Hi there,

suppose i have piece of code like
main()
{
int i,j;
for(i=0;i<10;i++){
int k = i;
printf("%d %p = *%d\n",i,&k,k);
}
}


When i see the address of K its same in all iterations.That means K is
only defined once at a time.
Is it because each for loop execution is considered as separte
block,its allocating in the same address?
or is it allocated memory only once?

In article <053518bc-6e3c-4bcd-b9e5-504f1707ca7e@f10g2000hsf.googlegroups.com>,
<poornimamprabhu@gmail.com> wrote:

>suppose i have piece of code like
>main()
>{
> int i,j;
> for(i=0;i<10;i++){
> int k = i;
> printf("%d %p = *%d\n",i,&k,k);
> }
>}

>When i see the address of K its same in all iterations.That means K is
>only defined once at a time.
>Is it because each for loop execution is considered as separte
>block,its allocating in the same address?
>or is it allocated memory only once?

The answer is compiler dependant. C does not define when or where
memory allocation is made for automatic variables: it only
defines rules for when storage is meaningfully accessible, and
rules about which declaration of a name is the one denoted by
a mention of the name.

In some compilers the answer would be "neither of the above".
For example some compilers allocate automatic variables from
a heap, so the fact that the variable showed up with a particular
address in each iteration could just reflect the fact that no
unreleased heap allocations were made between iterations of the loop.

--
"Is there any thing whereof it may be said, See, this is new? It hath
been already of old time, which was before us." -- Ecclesiastes

On Jan 31, 2:25 pm, poornimampra...@gmail.com wrote:
> Hi there,
>
> suppose i have piece of code like
> main()
> {
> int i,j;
> for(i=0;i<10;i++){
> int k = i;
> printf("%d %p = *%d\n",i,&k,k);
> }
>
> }
>
> When i see the address of K its same in all iterations.That means K is
> only defined once at a time.
> Is it because each for loop execution is considered as separte
> block,its allocating in the same address?
> or is it allocated memory only once?

because each for loop execution is considered as separte block. And
the memory address of K should be random.

poornimamprabhu@gmail.com wrote:

> Hi there,
>
> suppose i have piece of code like

Include stdio.h here.

> main()

int main(void) is better form.

> {
> int i,j;
> for(i=0;i<10;i++){
> int k = i;
> printf("%d %p = *%d\n",i,&k,k);

You probably want:

printf("%d\t%p = %d\n", i, (void *)&k, k);

The 'p' format specifier expects a void * value and the type of the
value yielded by the address-of operator is "pointer to T" where T is
the type of it's operand.
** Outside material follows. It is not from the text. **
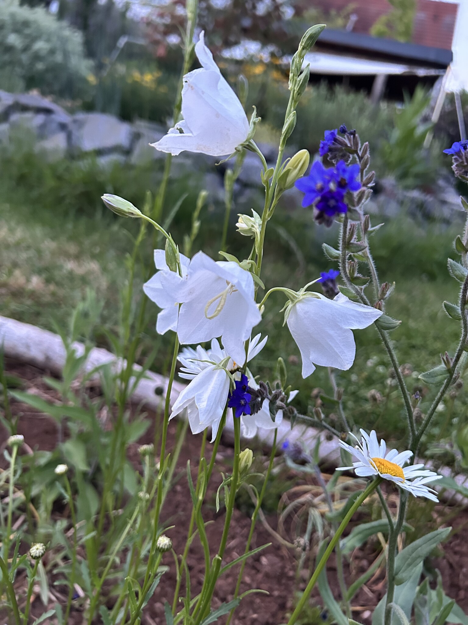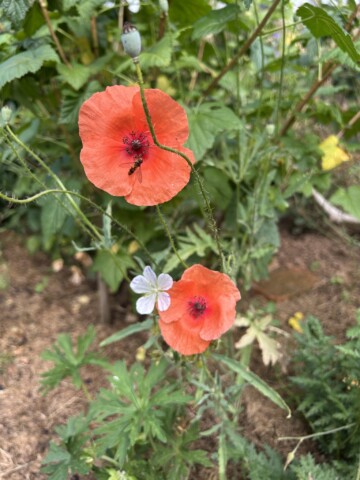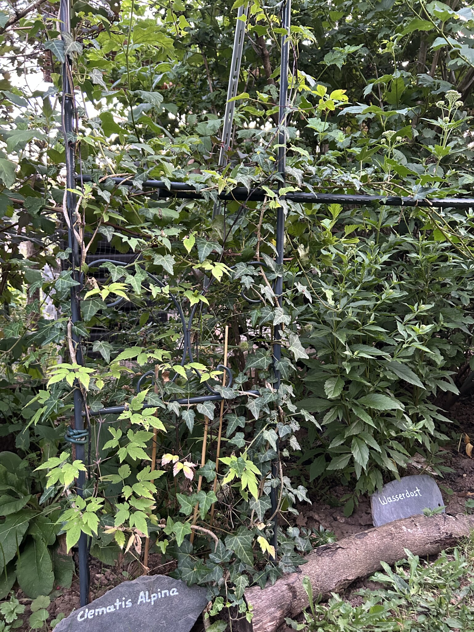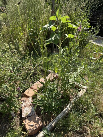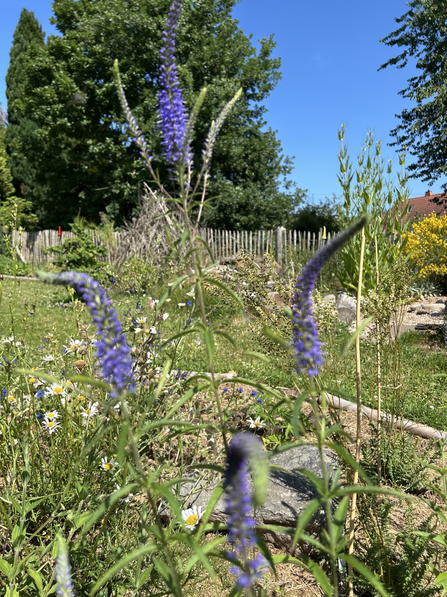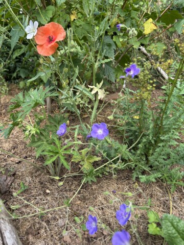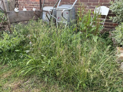 Der Komposthaufen wurde verkleinert und die übrige Fläche sich selbst überlassen. Ich nenne es Chansenbeet. Die Chanse genutzt haben Sauerampfer, Hahnenfuß, Scabiose, Mutterkraut, Vergissmeinnicht, Brennnessel, Ehrenpreis, Löwenzahn, Gundermann und diverse Gräser. Die Fläche war relativ schnell bewachsen.

Also the '*' character in your format string
specifies that the following formatting operation be of the minimum
field width specified by the corresponding argument to '*'. In this
case it is the fourth printf() argument and thus, the final 'd'
specifier is left without an argument, invoking undefined behaviour.

> }
> }
>
>
> When i see the address of K its same in all iterations.That means K is
> only defined once at a time.
> Is it because each for loop execution is considered as separte
> block,its allocating in the same address?
> or is it allocated memory only once?

This is implementation dependant. You cannot rely on the address of 'k'
being the same across iterations. However the compiler is very likely
to "optimise" in such cases and create and destroy 'k' only once for
the entire duration of the loop. But you cannot rely on such behaviour.

poornimamprabhu@gmail.com wrote:
> Hi there,
>
> suppose i have piece of code like
> main()
> {
> int i,j;
> for(i=0;i<10;i++){
> int k = i;
> printf("%d %p = *%d\n",i,&k,k);
> }
> }
>
>
> When i see the address of K its same in all iterations.That means K is
> only defined once at a time.

I don't understand what you mean by "once at a time"

> Is it because each for loop execution is considered as separte
> block,its allocating in the same address?
> or is it allocated memory only once?

Who knows? More importantly, who cares?

1) The compiler's optimisation routines could have determined
that there was no need for k to be in the nested block and
moved it out
2) The management of memory at run time could (very likely would,
I suspect) mean that the same address was allocated each time
through the loop
3) There may be some other explanation

None of this behaviour is guaranteed by the standard, and it is
far from certain that it would be the same in another environment.

Why are you bothered about how the compiler has organised things?

On Jan 30, 10:25pm, poornimampra...@gmail.com wrote:
> Hi there,
>
> suppose i have piece of code like
> main()
> {
> int i,j;
> for(i=0;i<10;i++){
> int k = i;
> printf("%d %p = *%d\n",i,&k,k);
> }
>
> }
>
> When i see the address of K its same in all iterations.That means K is
> only defined once at a time.
> Is it because each for loop execution is considered as separte
> block,its allocating in the same address?
> or is it allocated memory only once?

There is also this possibility: the address of k was produced only
because you asked for it with the & operator, and the existence of
this address doesn't prove that the value of k is actually ever stored
there.

On Wed, 30 Jan 2008 22:47:11 -0800, DDD wrote:

> On Jan 31, 2:25 pm, poornimampra...@gmail.com wrote:
>> Hi there,
>>
>> suppose i have piece of code like
>> main()
>> {
>> int i,j;
>> for(i=0;i<10;i++){
>> int k = i;
>> printf("%d %p = *%d\n",i,&k,k);
>> }
>>
>> }
>>
>> When i see the address of K its same in all iterations.That means K is
>> only defined once at a time.
>> Is it because each for loop execution is considered as separte
>> block,its allocating in the same address? or is it allocated memory
>> only once?
>
> because each for loop execution is considered as separte block. And the
> memory address of K should be random.

Why? There's no reason - as far as I can tell from the standard - to
expect that it _will_ have a random address, just that it _can_.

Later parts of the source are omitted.